2.5. Cycloheximide chase assay

Protein stability was assessed using cycloheximide-chase. H9c2cells were transiently transfected with plasmids encoding myc-tagged CryAB mutants, and 24 h later, cells were treated with 20 μg/ml cycloheximide (Sigma) for the indicated time prior to harvesting in 1× SDS buffer. Lysates (20 μg protein/lane) were subjected to Western blot analysis with anti-myc antibodies.

2.6. Immunoprecipitation/immunoblotting

H9c2cells were transiently transfected with empty vector or CryAB mutant-encoding plasmids, and 48 h later, cells were washed with cold PBS and harvested in RIPA buffer (50 mM Tris–HCl, pH=7.4, 150 mM NaCl, 1%NP-40, 1% sodium deoxycholate, and 0.1% SDS). The lysate was gently shaken at 4 °C for 30 min, followed by centrifugation at 12,000g for 10 min. An aliquot of supernatants (400 μg protein) were incubated with 10 μl of anti-c-Myc agarose from Pierce mammalian c-Myc Tag IP/Co-IP kit (Thermo Scientific) in spin columns, followed by rotation at 4 °C overnight.

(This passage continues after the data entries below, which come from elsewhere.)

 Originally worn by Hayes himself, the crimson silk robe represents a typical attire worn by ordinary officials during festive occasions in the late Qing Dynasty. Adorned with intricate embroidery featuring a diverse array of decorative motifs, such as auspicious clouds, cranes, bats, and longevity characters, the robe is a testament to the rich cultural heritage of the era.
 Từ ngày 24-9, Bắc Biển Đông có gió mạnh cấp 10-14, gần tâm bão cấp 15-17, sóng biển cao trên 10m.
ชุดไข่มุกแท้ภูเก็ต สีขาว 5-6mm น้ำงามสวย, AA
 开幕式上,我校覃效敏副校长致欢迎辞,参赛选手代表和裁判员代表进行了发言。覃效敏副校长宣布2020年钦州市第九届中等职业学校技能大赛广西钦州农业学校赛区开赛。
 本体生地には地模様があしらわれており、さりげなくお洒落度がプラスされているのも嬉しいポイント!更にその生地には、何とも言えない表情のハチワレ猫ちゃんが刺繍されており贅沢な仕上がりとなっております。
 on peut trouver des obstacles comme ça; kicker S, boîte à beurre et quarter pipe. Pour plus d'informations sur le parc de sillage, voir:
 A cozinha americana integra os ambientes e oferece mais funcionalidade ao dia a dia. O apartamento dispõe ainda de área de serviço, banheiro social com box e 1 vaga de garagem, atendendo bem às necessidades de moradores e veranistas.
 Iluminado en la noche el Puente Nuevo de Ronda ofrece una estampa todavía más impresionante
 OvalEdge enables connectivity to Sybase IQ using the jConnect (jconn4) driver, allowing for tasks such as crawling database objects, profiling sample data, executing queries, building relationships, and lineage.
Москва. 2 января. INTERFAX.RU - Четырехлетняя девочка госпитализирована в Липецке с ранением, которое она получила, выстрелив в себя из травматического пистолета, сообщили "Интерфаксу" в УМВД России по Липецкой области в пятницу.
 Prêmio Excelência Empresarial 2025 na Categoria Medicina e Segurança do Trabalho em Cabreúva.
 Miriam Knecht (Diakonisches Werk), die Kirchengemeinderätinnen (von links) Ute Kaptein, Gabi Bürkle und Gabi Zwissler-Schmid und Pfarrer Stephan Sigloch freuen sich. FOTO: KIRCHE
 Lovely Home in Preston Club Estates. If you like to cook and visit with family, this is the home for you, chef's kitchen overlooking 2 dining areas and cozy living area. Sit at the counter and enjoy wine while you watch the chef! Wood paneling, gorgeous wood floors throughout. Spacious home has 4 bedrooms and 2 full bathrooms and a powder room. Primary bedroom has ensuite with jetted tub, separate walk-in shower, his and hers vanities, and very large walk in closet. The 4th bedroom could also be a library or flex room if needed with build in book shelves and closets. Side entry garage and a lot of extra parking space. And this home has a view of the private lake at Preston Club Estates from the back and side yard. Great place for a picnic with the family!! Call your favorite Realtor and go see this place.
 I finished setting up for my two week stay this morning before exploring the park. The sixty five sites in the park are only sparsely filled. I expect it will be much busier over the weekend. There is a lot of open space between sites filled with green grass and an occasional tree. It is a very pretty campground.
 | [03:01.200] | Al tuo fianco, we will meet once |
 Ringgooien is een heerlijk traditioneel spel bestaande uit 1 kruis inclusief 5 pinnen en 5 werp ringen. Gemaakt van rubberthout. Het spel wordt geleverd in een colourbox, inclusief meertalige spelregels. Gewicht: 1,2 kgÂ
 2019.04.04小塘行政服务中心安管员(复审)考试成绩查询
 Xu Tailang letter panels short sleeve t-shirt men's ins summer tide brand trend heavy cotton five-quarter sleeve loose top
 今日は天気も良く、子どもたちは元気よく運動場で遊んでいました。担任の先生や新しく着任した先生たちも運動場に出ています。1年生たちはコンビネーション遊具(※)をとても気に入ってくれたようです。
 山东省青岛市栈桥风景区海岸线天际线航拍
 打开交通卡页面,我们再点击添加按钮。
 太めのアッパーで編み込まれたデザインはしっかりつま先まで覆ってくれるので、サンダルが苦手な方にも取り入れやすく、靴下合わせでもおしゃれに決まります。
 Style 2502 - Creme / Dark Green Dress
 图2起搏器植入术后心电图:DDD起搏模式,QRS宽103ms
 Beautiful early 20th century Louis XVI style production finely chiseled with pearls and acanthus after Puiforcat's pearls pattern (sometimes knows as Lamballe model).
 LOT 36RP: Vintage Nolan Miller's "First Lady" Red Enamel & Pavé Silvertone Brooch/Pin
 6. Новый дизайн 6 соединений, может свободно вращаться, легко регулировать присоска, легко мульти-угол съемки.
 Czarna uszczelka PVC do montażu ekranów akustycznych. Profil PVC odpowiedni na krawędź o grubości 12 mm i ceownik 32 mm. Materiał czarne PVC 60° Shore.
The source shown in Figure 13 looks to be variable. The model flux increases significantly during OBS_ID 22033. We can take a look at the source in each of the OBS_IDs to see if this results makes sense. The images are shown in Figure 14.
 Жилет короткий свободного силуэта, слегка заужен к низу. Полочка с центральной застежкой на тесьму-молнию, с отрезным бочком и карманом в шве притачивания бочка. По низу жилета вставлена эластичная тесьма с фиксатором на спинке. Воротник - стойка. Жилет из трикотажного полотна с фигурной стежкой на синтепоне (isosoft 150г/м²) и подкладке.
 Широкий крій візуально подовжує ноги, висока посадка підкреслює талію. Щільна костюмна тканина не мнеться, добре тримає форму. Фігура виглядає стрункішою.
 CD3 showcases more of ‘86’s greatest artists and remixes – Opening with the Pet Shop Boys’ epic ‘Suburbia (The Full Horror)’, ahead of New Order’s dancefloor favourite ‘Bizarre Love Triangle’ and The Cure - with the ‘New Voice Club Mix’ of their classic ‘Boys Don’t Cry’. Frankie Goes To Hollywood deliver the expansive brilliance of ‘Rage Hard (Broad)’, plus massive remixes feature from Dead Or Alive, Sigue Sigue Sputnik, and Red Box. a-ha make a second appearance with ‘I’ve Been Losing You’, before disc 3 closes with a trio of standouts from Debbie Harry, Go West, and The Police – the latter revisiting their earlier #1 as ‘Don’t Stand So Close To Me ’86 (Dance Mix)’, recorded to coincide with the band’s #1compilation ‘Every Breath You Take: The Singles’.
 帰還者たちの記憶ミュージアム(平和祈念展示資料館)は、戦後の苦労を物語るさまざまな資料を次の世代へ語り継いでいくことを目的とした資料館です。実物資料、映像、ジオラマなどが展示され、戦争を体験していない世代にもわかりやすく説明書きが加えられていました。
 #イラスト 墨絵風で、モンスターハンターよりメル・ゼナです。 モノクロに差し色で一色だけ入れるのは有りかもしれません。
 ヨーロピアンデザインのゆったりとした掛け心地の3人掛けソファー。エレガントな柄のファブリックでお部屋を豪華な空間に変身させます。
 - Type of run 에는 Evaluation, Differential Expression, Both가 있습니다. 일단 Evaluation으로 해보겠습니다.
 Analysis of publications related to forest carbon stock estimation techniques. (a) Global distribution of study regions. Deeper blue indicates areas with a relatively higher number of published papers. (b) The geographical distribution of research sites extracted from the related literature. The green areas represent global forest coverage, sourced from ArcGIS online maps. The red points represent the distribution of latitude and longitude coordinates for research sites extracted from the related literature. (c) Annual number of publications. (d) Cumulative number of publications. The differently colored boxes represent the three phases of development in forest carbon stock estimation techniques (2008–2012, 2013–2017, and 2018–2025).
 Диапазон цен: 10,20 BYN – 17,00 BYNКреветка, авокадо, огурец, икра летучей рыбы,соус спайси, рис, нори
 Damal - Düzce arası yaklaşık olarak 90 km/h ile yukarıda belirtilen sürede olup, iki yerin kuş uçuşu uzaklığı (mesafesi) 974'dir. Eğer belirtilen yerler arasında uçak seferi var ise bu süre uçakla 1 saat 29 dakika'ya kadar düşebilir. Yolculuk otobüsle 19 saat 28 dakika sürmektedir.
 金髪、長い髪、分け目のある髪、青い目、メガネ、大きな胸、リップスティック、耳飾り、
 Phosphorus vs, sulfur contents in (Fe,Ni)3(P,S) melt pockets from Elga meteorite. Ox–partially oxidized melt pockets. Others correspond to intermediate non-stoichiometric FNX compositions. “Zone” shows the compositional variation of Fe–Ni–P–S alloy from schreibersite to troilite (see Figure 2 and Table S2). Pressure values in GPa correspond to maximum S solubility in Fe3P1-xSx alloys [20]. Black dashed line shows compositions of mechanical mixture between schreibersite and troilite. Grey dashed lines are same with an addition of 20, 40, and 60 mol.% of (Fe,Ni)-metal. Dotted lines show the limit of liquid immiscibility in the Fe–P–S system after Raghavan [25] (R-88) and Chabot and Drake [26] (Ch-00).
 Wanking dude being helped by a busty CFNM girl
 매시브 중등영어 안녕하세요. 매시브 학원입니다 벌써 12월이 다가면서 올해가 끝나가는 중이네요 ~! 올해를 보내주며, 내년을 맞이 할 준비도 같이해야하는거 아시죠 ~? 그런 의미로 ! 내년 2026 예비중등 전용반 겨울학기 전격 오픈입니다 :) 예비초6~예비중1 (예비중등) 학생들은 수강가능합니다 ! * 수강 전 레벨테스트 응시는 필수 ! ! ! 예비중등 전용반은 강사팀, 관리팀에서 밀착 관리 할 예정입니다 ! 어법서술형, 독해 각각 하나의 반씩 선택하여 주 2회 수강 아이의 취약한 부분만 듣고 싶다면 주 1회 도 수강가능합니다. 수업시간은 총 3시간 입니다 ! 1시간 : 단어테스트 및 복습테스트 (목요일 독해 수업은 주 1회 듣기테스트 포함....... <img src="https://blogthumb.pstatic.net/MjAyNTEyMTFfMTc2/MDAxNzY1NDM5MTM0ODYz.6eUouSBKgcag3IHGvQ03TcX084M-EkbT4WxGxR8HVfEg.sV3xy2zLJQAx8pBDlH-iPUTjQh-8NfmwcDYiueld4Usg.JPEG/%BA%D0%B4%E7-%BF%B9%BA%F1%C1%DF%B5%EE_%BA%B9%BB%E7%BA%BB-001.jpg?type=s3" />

The agarose was washed 3 times using TBS plus 0.05% Tween-20 and then eluted using non-reducing sample buffer to minimize interference from co-eluting antibody fragments. The eluted proteins were resolved on SDS/PAGE gel and subjected to Western blot analysis.

2.7. Data analysis

All the experiments were repeated 3 times. For western blots, one representative image is shown in figures. Densitometry for the Western blot signal was performed using Image J software. Values are represented as means±SE. Student’s t test was used for statistical analysis.

3. Results

3.1. Aggregate-prone CryAB mutants display differential solubility in H9c2 cells

In striated tissues, the CryAB chaperone interacts with client proteins such as desmin and titin to maintain muscle integrity and to prevent protein aggregation and denaturation. In contrast, loss of chaperone activity and increased aggregation of the R120G CryAB mutant are associated with crystallinopathies [14]. We and others have shown that CryAB R120G mutant is present in insoluble fractions of myopathic hearts [8,9]. To determine whether CryAB mutants also aggregate in H9c2 cells, we probed immunoblots of whole cell lysates from cells expressing Myc-tagged wild-type (WT), R120G, 450delA and 464delCT CryAB two days after transfection with the corresponding plasmids (Fig. 1A) using either anti-c-Myc and/or anti-CryAB antibodies. We observed similar levels of protein expression for WT, R120G, 450delA and 464delCT CryAB (Fig. 1B and C). By design, anti-CryAB antibody recognizes the C-terminal residues contained in either WT or R120G but neither 450delA nor 464delCT lacking similar residues. In H9c2 cells, anti-CryAB antibody recognizes basal levels of endogenous CryAB and 11-fold increases in exogenous WT or R120G 48 h after transfections (Fig. 1B). To assess the consequences of different C-terminal CryAB mutants on intracellular solubility, we examined detergent-soluble and detergent-insoluble fractions by SDS-PAGE and immunoblotting using the anti-c-Myc antibody that exclusively recognizes all exogenous gene products (Fig. 1D–G). As expected, WT CryAB was found almost entirely in the soluble fraction (Fig. 1D). R120G partitioned almost equally between soluble and insoluble fraction (Fig. 1D–G), whereas 450delA and 464delCT were almost entirely in the insoluble fractions (Fig. 1D–G). Our results recapitulate the biochemical hallmarks of decreased solubility of CryAB mutants in vivo and in vitro.

Fig. 1
Overexpression of aggregate-prone CryAB mutants in H9c2 Cells. (A) Schematic representation of single amino acid substitution (R120G) and deletions (450delA and 464delCT). (B) H9c2 cells were transiently transfected with Myc-tagged WT, R120G, 450delA, ...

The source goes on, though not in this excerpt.